Validation of miRNA expression profiles by quantitative real-time PCR (QR-PCR)

TaqMan miRNA expression assays were used to validate GEP in the same samples that were used for the microarray studies, via the Step One Plus Real-Time PCR System -Applied Biosystems (ABI), Foster City, CA, USA- according to the manufacturer's instructions. The assays ID for the miRNAs studied were as follows: 002245 (hsa-miR-122), 2246 (hsa-miR-133a), 002249 (hsa-miR-143) and 461910 (hsa-miR-4417). Each PCR was carried out in duplicate in a final volume of 10 uL using the TaqMan Fast Universal Mastermix (ABI) and the following cycling parameters: incubation at 95°C (20s), followed by 50 cycles at 95°C (1s) and an incubation at 60°C (20s). miRNA expression data was normalized against the RNU43 internal control, and it was further analyzed using the StepOne software (v2.0; ABI). The relative amounts of the quantified miRNAs were calculated using the following equation: 2−ΔCT (ΔCT = CT GENE-CT RNU43) expressed as arbitrary units (AU). For all genes evaluated, RQ-PCR results showed a high degree of correlation with microarray data (r2 ≥ 0.79, p < .0001; Supplementary Figure 2).

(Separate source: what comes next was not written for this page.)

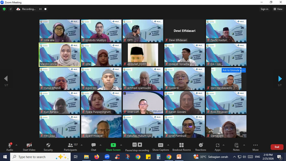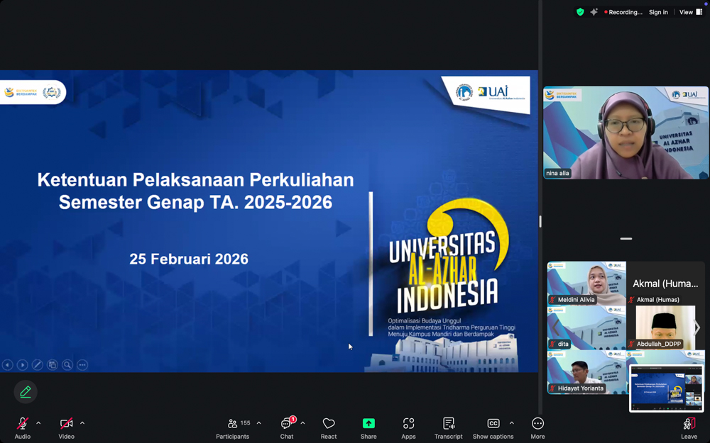 Direktorat Akademik Universitas Al-Azhar Indonesia (UAI) menyelenggarakan Sosialisasi Ketentuan Perkuliahan Semester Genap Tahun Akademik 2025/2026 pada Rabu, 25 Februari 2026, secara daring melalui Zoom. Kegiatan ini menjadi forum strategis untuk menyelaraskan kebijakan akademik sekaligus memastikan kesiapan dosen dan pimpinan unit menjelang dimulainya perkuliahan.

External validation series of sCRC tumors

External validation of the predictive value of those differentially expressed genes found in our series to discriminate between primary tumors and non-tumoral colorectal tissues, was performed in a group of previously reported metastatic sCRC patients (n = 47) from whom GEP array data files (Affymetrix Human Genome U133 Plus 2.0 Array) are publicly available at the GEO database (accession number GSE21510) [50]. Additionally, to discriminate between liver metastases and non-tumoral colorectal tissues, we performed an external validation in another group of previously reported metastatic sCRC patients (n = 24) from whom GEP array data files (Affymetrix Human Exon 1.0 ST Array) are also publicly available at the GEO database (accession number GSE35834) [36].

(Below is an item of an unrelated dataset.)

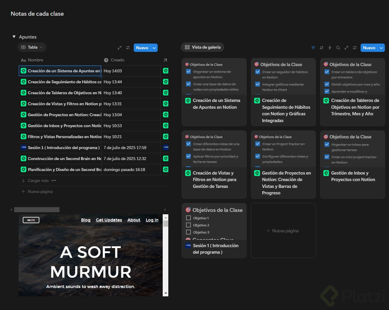 Te animamos a aplicar estas tácticas en tu Second Brain dentro de Notion, integrando las notas más relevantes y organizando datos de manera que siempre estén a tu alcance. ¡Sigue construyendo esta herramienta y maximiza tu aprendizaje de cada curso!

Downloaded data CEL files were normalized using the RMA algorithm and overlapping probe sets were defined on the basis of probe specificity, using the GATExplorer server [59]. Probe sets with the best specificity to the interrogated genes were selected, and the expression signals detected for each gene for each probe set were further analyzed using the column metric preserving biplot assay [60] implemented in the SIMFIT statistical software (http://www.simfit.org.uk/).

External validation series of DEFB1, COL12A1 and PTGER3 gene expression

External validation of those genes found to be differentially expressed in our series between primary tumors and their corresponding liver metastases (DEFB1, COL12A1 and PTGER3), was performed in a group of previously reported metastatic sCRC patients (n = 18) from whom RNA-seq data files (Illumina, CA) are publicly available at the GEO database (accession number GSE50760) [61]; in line with our observations, these results confirmed the existence of significant differences in the expression of the DEFB1, COL12A1 and PTGER3 genes between paired primary tumor and their corresponding liver metastases (Supplementary Figure 3).

Other statistical methods

The Mann-Whitney U test and a linear regression model were used to evaluate the statistical significance of differences observed between groups and to explore the degree of correlation between different variables, respectively (SPSS version 15.0; IBM; NY; USA). P-values ≤ .05 were considered to be associated with statistical significance.